Total cholesterol (TC) and LDL-C are regarded as traditional risk factors.5–9
In the MESA cohort, mean TC was <200 mg/dL, LDL-C <130 mg/dL, and triglycerides <150 mg/dL, which are regarded as desirable, nearly optimal, and normal.9
The results seem to be in line with general trends in the United States.36
LDL-C was selected as the primary target of cholesterol-lowering therapy,9
resulting in an increased use of lipid-lowering medication.36
In HNR, significantly higher concentrations were observed which is representative for Germany.37,38
The association between TC and CAC was not significantly different between the two studies, though was qualitatively stronger in HNR than in MESA. Similarly, HDL was only significantly protective (for the presence of CAC > 0) in MESA, though the interaction was not statistically significant. The prevalence of cholesterol lipid-lowering medication was different between the two studies. The effect of these medications on CAC should be further investigated prospectively in each of these study populations once longitudinal data become available.
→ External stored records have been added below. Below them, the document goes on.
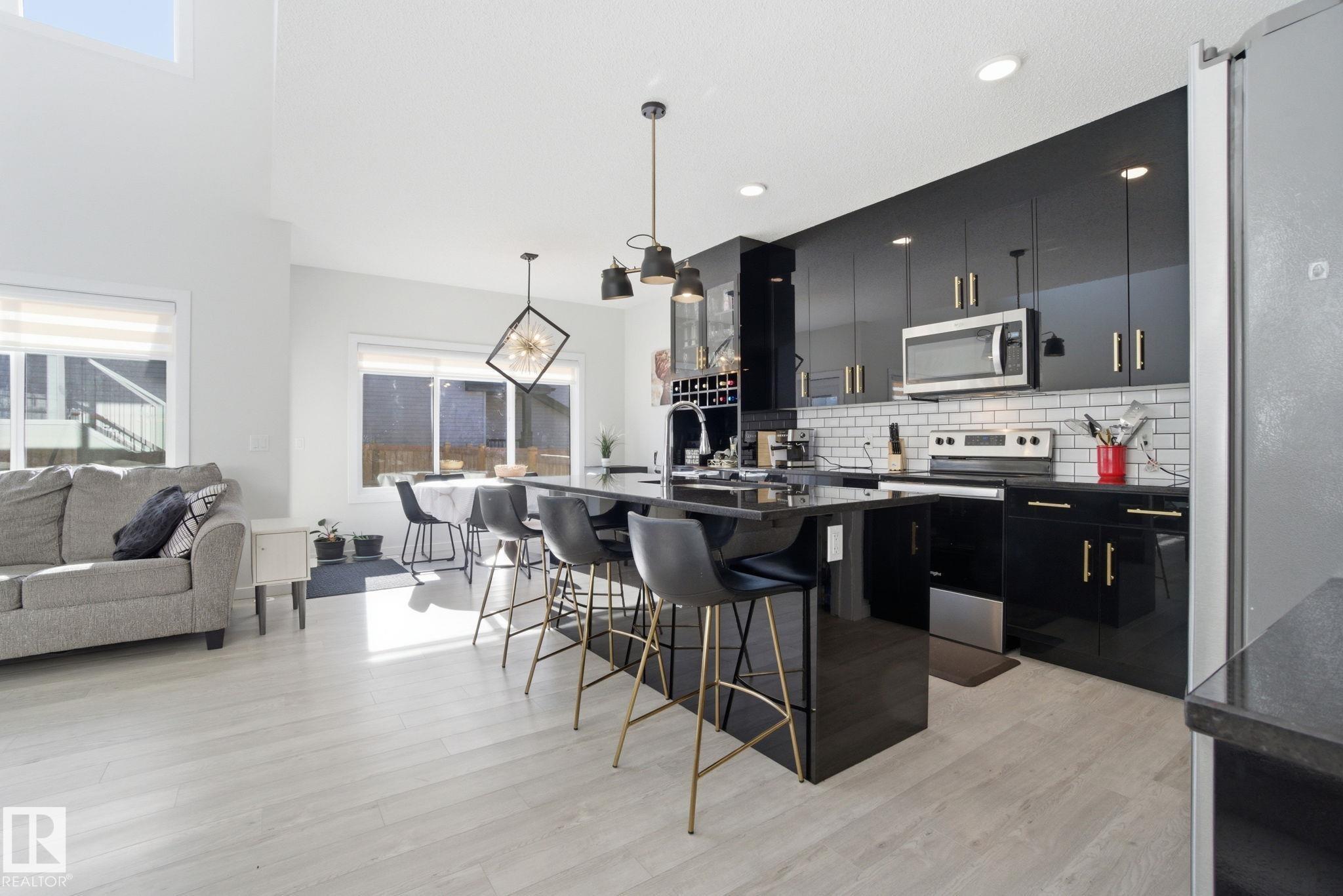 Welcome to this beautiful SOUTH-BACKING home in Glenridding Ravine with over 2,660 sq ft of living space, including a FULLY LEGAL BASEMENT SUITE. The main floor features a versatile bedroom/flex room, a bright open-to-below living room, and a luxurious kitchen with QUARTZ countertops, STAINLESS STEEL appliances, ample cabinetry, pantry and a stylish WINE/ESPRESSO BAR with GLASS CABINETRY to entertain guests. A full 4-pc bathroom makes the main level ideal for guests or multi-generational living. Upstairs offers a central bonus room, 3 spacious bedrooms, a 4-pc bath, laundry and a primary suite with a 5-PC ENSUITE featuring your own SOAKER TUB and WALK-IN CLOSET. The LEGAL BASEMENT SUITE includes a full kitchen, living room, bedroom, 4-pc bath and its own laundry. Enjoy summer BBQs on your DECK overlooking the SOUTH-facing backyard, or stay cool indoors with central A/C. A double garage and nearby ravine walking trails complete this exceptional home. This is the perfect blend of luxury and functionality!
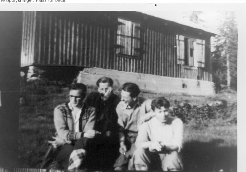 Pinsetur til gamlestova på Saggravdal. Fra v,: Arne Jordbræk , Hans Halden , Rolf Kaspersen, Bernt Jordbræk
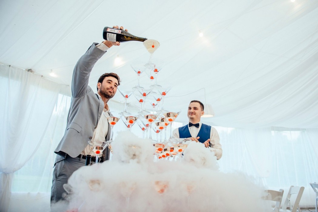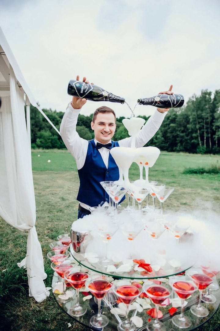 Пирамида шампанского, выездной коктейль бар, шоколадный фонтан, бармен шоу
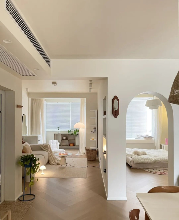 比如,很各样板间弃取不装房门,或者把相邻房间的门皆翻开,这么一来就减少了阁下感,让东谈主嗅觉空间更为通透。
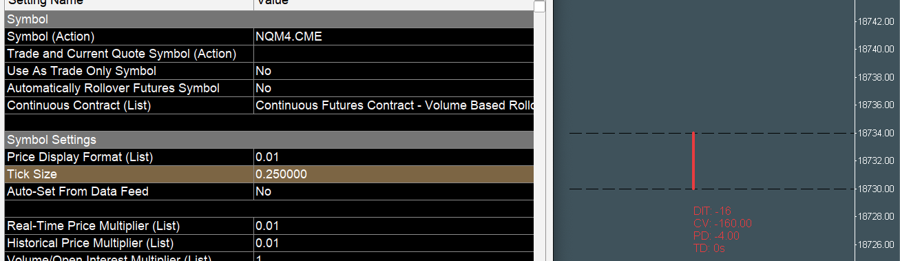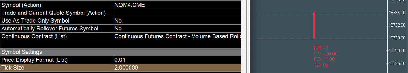 This is not considered an error. You have change the Tick Size and the calculation is absolutely correct. There is no error here at all. Sierra Chart Support - Engineering Level Your definitive source for support. Other responses are from users. Try to keep your questions brief and to the point. Be aware of support policy: https://www.sierrachart.com/index.php?l=PostingInformation.php#GeneralInformation For the most reliable, advanced, and zero cost futures order routing, use the Teton service: Sierra Chart Teton Futures Order Routing |
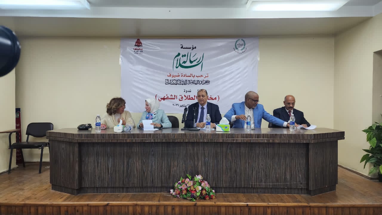 انطلقت منذ قليل، وسط حضور جماهيري لافت وغير مسبوق، فعاليات الندوة التي تنظمها مؤسسة " رسالة السلام " تحت عنوان " مخاطر الطلاق الشفهي " وذلك على هامش مشاركتها في معرض القاهرة الدولي للكتاب، في إطار جهودها التوعوية الهادفة إلى دعم استقرار الأسرة المصرية وتعزيز الوعي المجتمعي بالقضايا الأسرية .
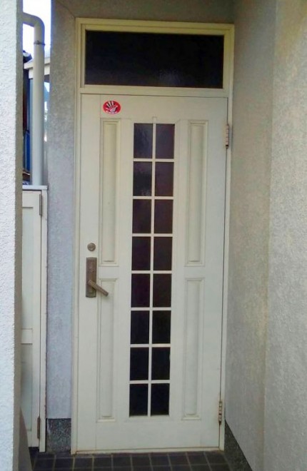 ランマ付きの白いドアは、ちょっと古いイメージでした。

In both studies glucose levels were not related to risk of CAC independent of diabetic status, but treated diabetes was significantly associated with CAC. However, in HNR not all subjects were fasting and glucose tolerance tests were not performed in both studies. The RR of prevalent CAC was 55% higher for treated diabetics compared with others in MESA, and 65% higher in HNR. The interaction between study and diabetes was non-significant.
Limitations of the study
It was not possible to compare the full cohorts of either study. To allow for best possible comparability between the two cohorts, identical inclusion criteria were employed to identify all participants without prevalent cardiovascular disease. Thereby, the selection bias could be minimized, which otherwise may have been caused by differences in recruitment strategies.
The prevalence and levels of cardiovascular risk factors are very different in the two cohorts of ostensibly healthy persons but both seem to be representative for each of the two countries. This is a cross-sectional study and so it is not possible to establish the direction of any association between risk factors and CAC.39
In addition, there is a possibility of unmeasured confounders such as lifestyle and dietary history that could explain some of the observed differences between the cohorts. It is possible that differences between the types of scanners used in both studies could explain a small part of the observed population differences in CAC levels. It has to be taken into account that the MESA performed a calculation to estimate the LDL-C concentration whereas it was directly measured in HNR. The assay used met the requirements for accurate testing even from non-fasting individuals.40
However, the differences between MESA and HNR cannot be attributed to these methodological differences because TC also showed the same magnitude of difference in the same direction.
In the present analysis, a socio-economic comparison has not been included, because socio-economic variables such as income—due to differences in services, conversion in income from Euros to Dollars, etc. and education—given the United States cost structure of higher education, are difficult to compare between the two countries.